• ASSIGNED TASK: First find the line containing "Cavezza Equiline modello" in the data, then set it down exactly along with every line after it, through the last.

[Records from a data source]
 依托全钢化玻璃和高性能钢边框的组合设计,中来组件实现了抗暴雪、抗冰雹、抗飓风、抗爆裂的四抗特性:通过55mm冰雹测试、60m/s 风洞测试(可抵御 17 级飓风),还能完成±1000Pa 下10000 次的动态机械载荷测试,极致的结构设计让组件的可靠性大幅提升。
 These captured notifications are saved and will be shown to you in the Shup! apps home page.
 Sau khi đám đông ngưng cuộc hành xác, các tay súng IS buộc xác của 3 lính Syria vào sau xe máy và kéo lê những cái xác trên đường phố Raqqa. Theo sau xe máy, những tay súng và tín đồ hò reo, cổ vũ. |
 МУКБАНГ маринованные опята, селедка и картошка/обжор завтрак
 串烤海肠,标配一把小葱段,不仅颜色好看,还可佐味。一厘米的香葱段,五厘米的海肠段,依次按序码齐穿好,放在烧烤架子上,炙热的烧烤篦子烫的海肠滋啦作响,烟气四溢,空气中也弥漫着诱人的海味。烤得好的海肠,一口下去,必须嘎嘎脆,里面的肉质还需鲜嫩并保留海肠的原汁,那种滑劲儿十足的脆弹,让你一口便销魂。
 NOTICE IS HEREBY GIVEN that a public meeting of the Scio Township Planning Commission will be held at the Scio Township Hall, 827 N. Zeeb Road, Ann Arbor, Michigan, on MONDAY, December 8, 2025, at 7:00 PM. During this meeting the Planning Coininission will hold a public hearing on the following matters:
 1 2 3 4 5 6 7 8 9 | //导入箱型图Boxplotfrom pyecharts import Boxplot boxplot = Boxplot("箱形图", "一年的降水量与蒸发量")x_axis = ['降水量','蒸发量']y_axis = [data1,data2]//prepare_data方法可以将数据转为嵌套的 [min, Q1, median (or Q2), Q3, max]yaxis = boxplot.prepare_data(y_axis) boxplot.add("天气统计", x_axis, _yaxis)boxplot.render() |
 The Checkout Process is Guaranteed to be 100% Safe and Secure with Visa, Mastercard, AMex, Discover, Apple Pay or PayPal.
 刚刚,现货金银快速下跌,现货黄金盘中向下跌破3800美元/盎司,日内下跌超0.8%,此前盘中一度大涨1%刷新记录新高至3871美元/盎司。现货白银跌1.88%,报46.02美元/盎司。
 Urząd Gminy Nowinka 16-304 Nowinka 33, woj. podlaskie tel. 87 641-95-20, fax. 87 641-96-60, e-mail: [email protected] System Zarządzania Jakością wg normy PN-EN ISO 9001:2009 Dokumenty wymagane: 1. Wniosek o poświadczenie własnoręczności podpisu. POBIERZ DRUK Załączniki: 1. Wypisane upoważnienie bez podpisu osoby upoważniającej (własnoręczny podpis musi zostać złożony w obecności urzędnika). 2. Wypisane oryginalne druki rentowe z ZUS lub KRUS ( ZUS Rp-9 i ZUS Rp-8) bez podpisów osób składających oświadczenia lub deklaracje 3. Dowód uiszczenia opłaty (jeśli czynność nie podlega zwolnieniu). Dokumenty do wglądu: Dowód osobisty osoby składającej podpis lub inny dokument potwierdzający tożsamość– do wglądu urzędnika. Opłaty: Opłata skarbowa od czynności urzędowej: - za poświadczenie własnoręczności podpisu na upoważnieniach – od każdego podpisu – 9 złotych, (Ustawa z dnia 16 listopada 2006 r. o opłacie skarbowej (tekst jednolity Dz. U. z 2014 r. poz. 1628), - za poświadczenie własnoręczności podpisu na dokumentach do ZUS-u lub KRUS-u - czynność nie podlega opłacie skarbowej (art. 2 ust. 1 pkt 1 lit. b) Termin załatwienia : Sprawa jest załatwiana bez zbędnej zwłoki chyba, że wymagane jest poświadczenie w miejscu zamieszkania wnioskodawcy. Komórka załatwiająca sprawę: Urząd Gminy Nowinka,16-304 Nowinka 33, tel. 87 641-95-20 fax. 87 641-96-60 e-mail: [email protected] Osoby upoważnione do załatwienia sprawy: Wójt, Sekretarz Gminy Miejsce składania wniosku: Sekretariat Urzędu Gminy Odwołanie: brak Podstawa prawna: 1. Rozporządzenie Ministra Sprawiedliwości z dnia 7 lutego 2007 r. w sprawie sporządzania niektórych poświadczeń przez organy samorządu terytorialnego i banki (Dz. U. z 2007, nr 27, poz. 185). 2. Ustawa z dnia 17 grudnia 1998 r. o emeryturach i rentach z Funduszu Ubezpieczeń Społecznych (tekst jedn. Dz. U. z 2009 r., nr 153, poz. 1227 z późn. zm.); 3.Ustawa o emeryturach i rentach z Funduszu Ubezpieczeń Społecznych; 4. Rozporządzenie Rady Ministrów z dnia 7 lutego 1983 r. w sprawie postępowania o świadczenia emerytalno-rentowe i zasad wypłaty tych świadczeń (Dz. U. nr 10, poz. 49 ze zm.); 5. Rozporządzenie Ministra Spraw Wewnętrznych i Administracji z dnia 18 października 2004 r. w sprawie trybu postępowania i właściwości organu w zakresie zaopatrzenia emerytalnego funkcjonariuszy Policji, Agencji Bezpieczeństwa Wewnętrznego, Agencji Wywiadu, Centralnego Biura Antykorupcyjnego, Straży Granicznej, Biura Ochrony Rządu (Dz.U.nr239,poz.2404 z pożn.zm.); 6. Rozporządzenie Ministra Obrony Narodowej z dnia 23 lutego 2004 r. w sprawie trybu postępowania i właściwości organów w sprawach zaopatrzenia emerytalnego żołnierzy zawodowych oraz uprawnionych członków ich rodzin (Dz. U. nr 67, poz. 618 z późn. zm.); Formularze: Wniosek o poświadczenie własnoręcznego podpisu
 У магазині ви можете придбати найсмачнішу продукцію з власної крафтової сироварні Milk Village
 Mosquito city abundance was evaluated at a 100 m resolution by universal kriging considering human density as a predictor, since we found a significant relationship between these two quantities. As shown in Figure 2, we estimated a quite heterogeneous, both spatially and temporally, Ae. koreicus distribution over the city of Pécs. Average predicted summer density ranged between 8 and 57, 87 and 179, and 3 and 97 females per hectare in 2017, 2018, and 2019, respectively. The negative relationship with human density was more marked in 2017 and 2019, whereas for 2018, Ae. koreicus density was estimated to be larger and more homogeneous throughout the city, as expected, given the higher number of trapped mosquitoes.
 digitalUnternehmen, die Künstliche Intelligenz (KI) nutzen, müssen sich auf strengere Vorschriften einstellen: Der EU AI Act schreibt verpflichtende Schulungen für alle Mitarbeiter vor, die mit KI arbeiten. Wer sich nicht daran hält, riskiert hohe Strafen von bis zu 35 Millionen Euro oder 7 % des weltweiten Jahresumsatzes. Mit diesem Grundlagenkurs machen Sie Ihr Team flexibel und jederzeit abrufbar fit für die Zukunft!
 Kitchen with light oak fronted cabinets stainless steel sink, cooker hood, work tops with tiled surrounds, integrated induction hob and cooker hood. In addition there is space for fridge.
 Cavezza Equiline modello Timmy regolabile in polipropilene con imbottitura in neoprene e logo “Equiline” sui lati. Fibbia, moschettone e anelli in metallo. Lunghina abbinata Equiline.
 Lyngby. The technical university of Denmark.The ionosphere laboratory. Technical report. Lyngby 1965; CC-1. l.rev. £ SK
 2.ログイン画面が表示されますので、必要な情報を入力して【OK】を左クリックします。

• ANSWER SPACE:
 Cavezza Equiline modello Timmy regolabile in polipropilene con imbottitura in neoprene e logo “Equiline” sui lati. Fibbia, moschettone e anelli in metallo. Lunghina abbinata Equiline.
 Lyngby. The technical university of Denmark.The ionosphere laboratory. Technical report. Lyngby 1965; CC-1. l.rev. £ SK
 2.ログイン画面が表示されますので、必要な情報を入力して【OK】を左クリックします。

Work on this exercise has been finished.